= Black Watch (full-rigged ship) =

1877 ship

Black Watch was a large full-rigged ship built by Windsor shipbuilder Bennett Smith in Windsor, Nova Scotia. It was the last ship built by Smith in Windsor.

==Construction==
Bennett Smith was the foremost owner, designer and master shipbuilder in Windsor. He ran a shipyard inherited from his father on Smith's Island, at the intersection of the Avon and St. Croix Rivers. With his brothers he built 27 ships in Windsor, the final one being the full-rigged, 1318-ton Black Watch. The ship cost $50,000.00 to construct and was launched in May 1877 to great fanfare. Upon completion of Black Watch, Smith closed his shipyard, reportedly over a wage dispute with his employees. Smith continued to invest in shipbuilding, mainly in Saint John, New Brunswick, and was a principal in the Avon Marine and Shipowners Insurance Company.

==Career and loss==
Black Watch sailed from Windsor on 6 June 1877 bound for New York in ballast (heavy material placed in hold for stability). On board were a crew of 23 under the leadership of the veteran Captain Newcomb, who along with Smith held shares in the ownership of the vessel. Having taken on a cargo of oil, the ship sailed for Bremerhaven, Germany, on 17 July 1877, arriving on 20 August.

The ship left Germany in ballast (700 tons of stone and sand) on 10 September to cross the Atlantic and return to New York. Disaster struck as the ship attempted to navigate the waters between Shetland and Orkney in the north of Scotland. Black Watch was driven onto the rocks off the southwest point of Fair Isle while attempting to navigate the channel at night in misty weather. The crew, the ship's provisions as well as the sails and any salvageable hardware were all saved.
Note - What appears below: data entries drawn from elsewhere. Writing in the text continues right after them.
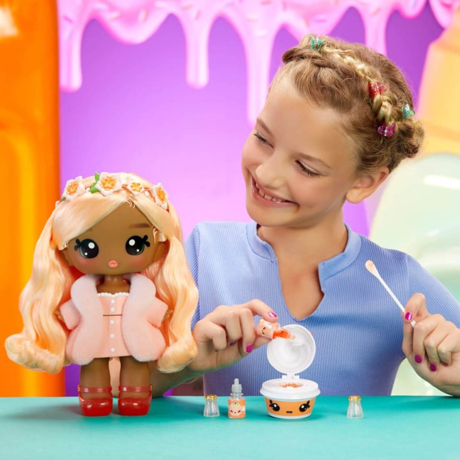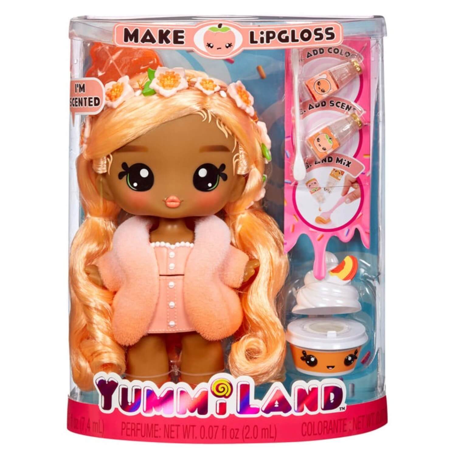 - кукла Пайпер Пич идет в комплекте с ее персиковым нарядом и соответствующими туфлями, которые можно использовать попеременно со всеми куклами Yummiland. На ее персиковых мягких волосах красуется ее персиковая цветочная корона!
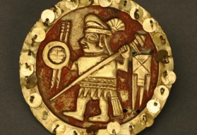 A gold earspool showing a warrior with arms (100-700). [Photo provided to chinadaily.com.cn]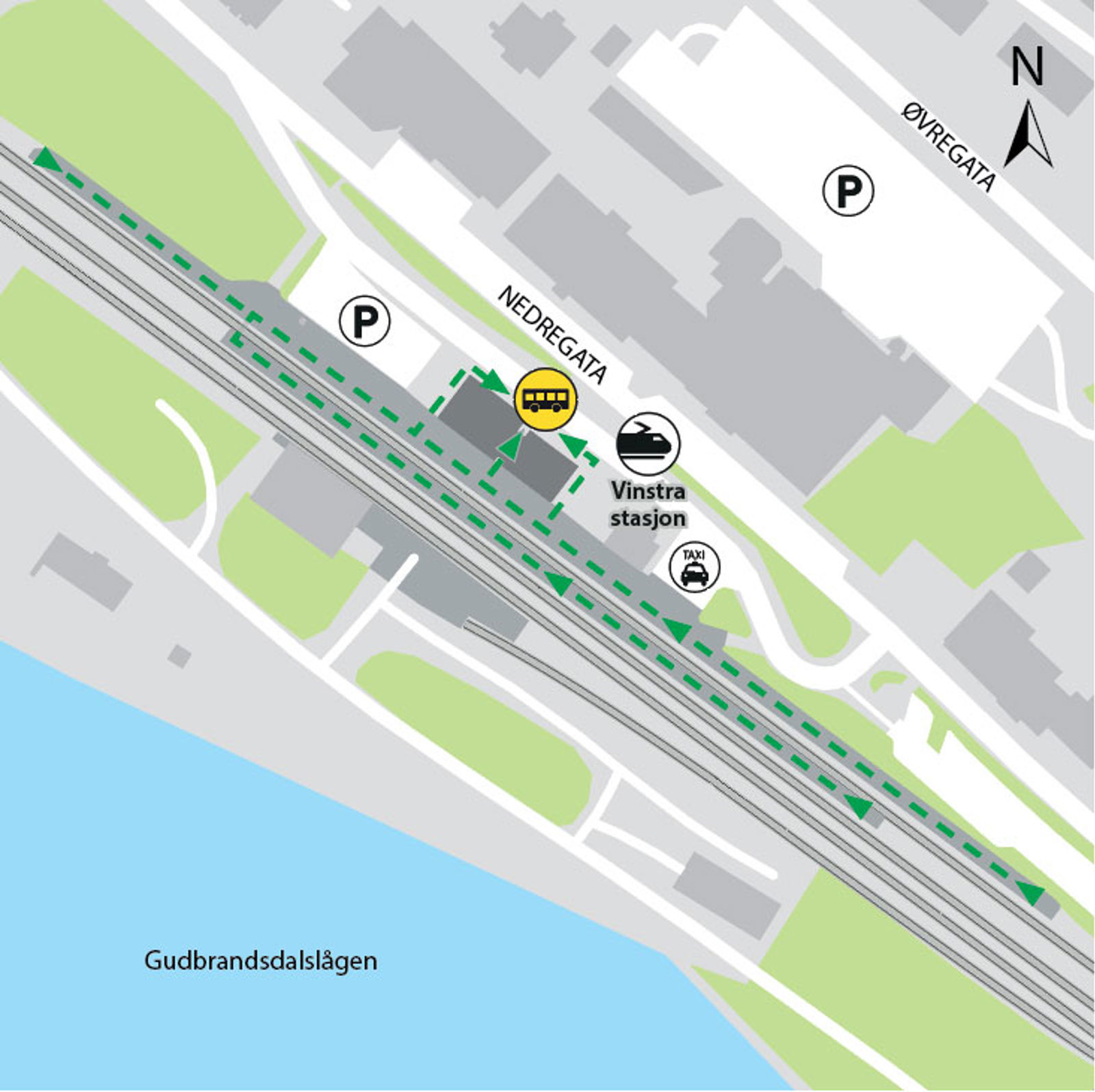 Vinstra stasjon ligger på Dovrebanen. Herfra kan du ta tog mot Oslo S, Oslo Lufthavn, Lillehammer, Dombås og Trondheim S.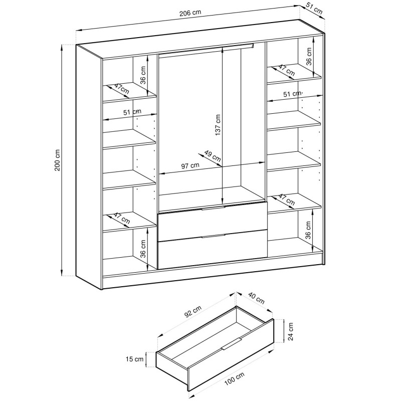 - Dzięki przemyślanemu układowi wnętrza umożliwia łatwą organizację ubrań, obuwia i akcesoriów. Zawsze masz wszystko pod ręką, a Twoje rzeczy są starannie uporządkowane.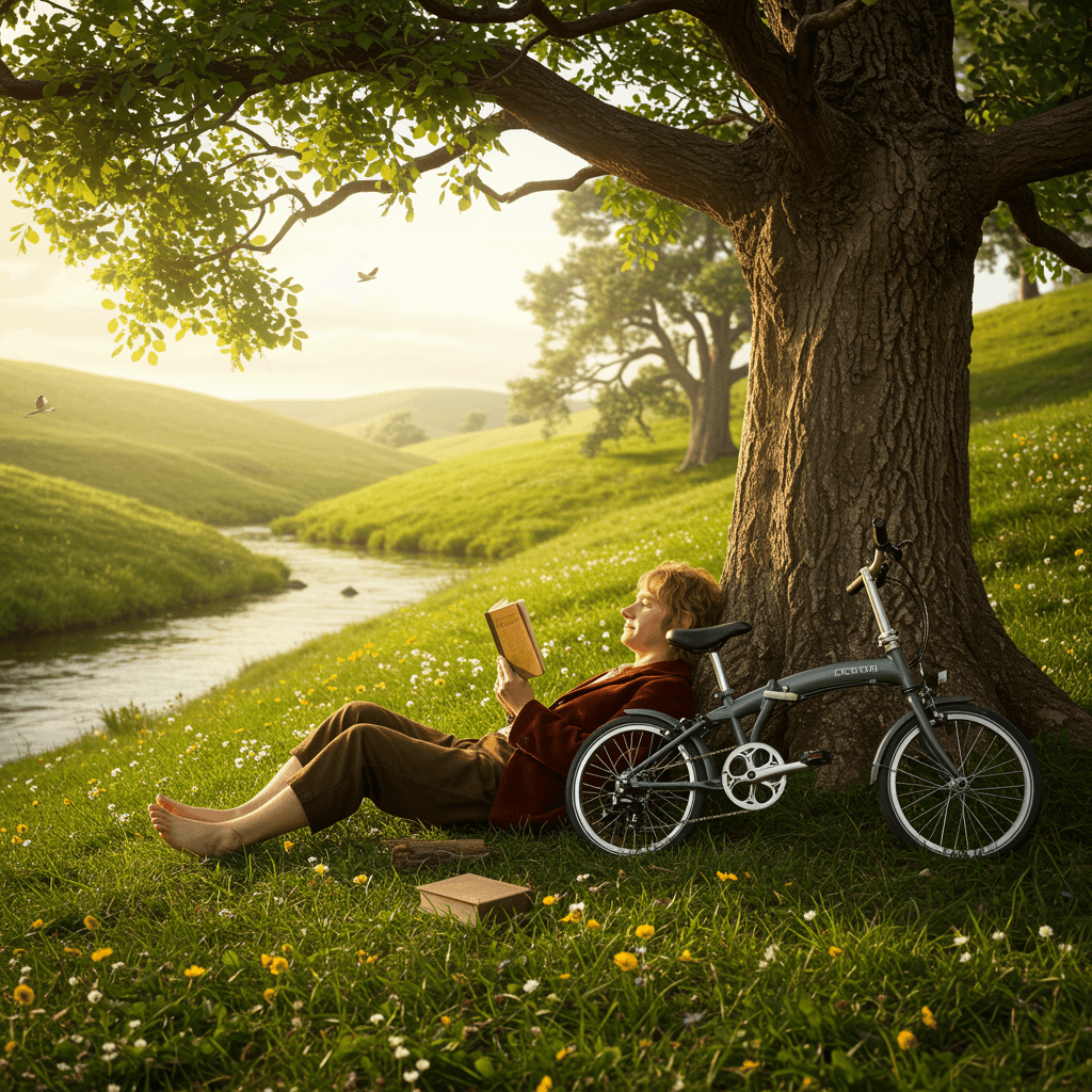 "No todos los caminos llevan a dragones… algunos solo llevan a una buena tarde de lectura bajo un árbol. Y para esos días, esta bicicleta es perfecta."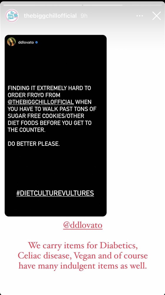 En una historia de Instagram posterior, Lovato publicó una captura de pantalla de una antigua publicación de Instagram en la que Bigg Chill etiquetó algunas de sus ofertas de galletas y pasteles como "libres de culpa". ("No necesito sentirme libre de culpa por comer algo", argumentó la nominado al Grammy).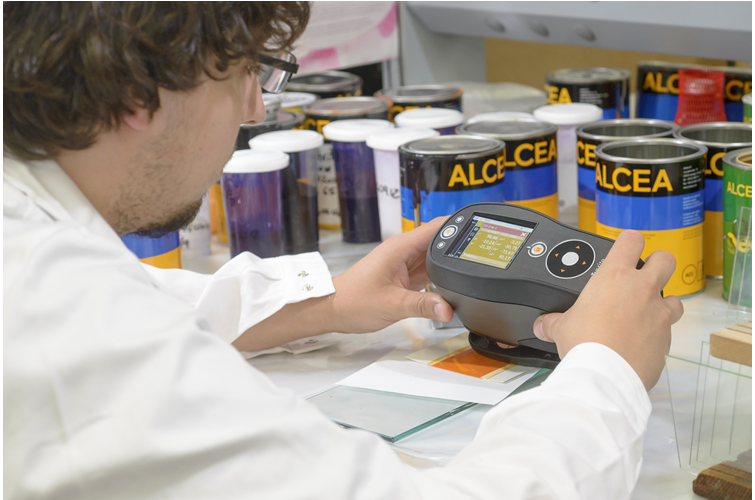 Using a spectrophotometer to evaluate the color accuracy of incoming ink.

As recorded in the wreck report, Newcomb was negligent in attempting passage of a channel unfamiliar to him. The court determined that if the Captain was unable to obtain clear and concise instructions for navigating through the Scottish islands as he claimed, he should not have undertaken such a difficult and perilous passage. The court's final determination was that the accident was an error in judgment, but Newcomb's certificate was neither suspended nor revoked.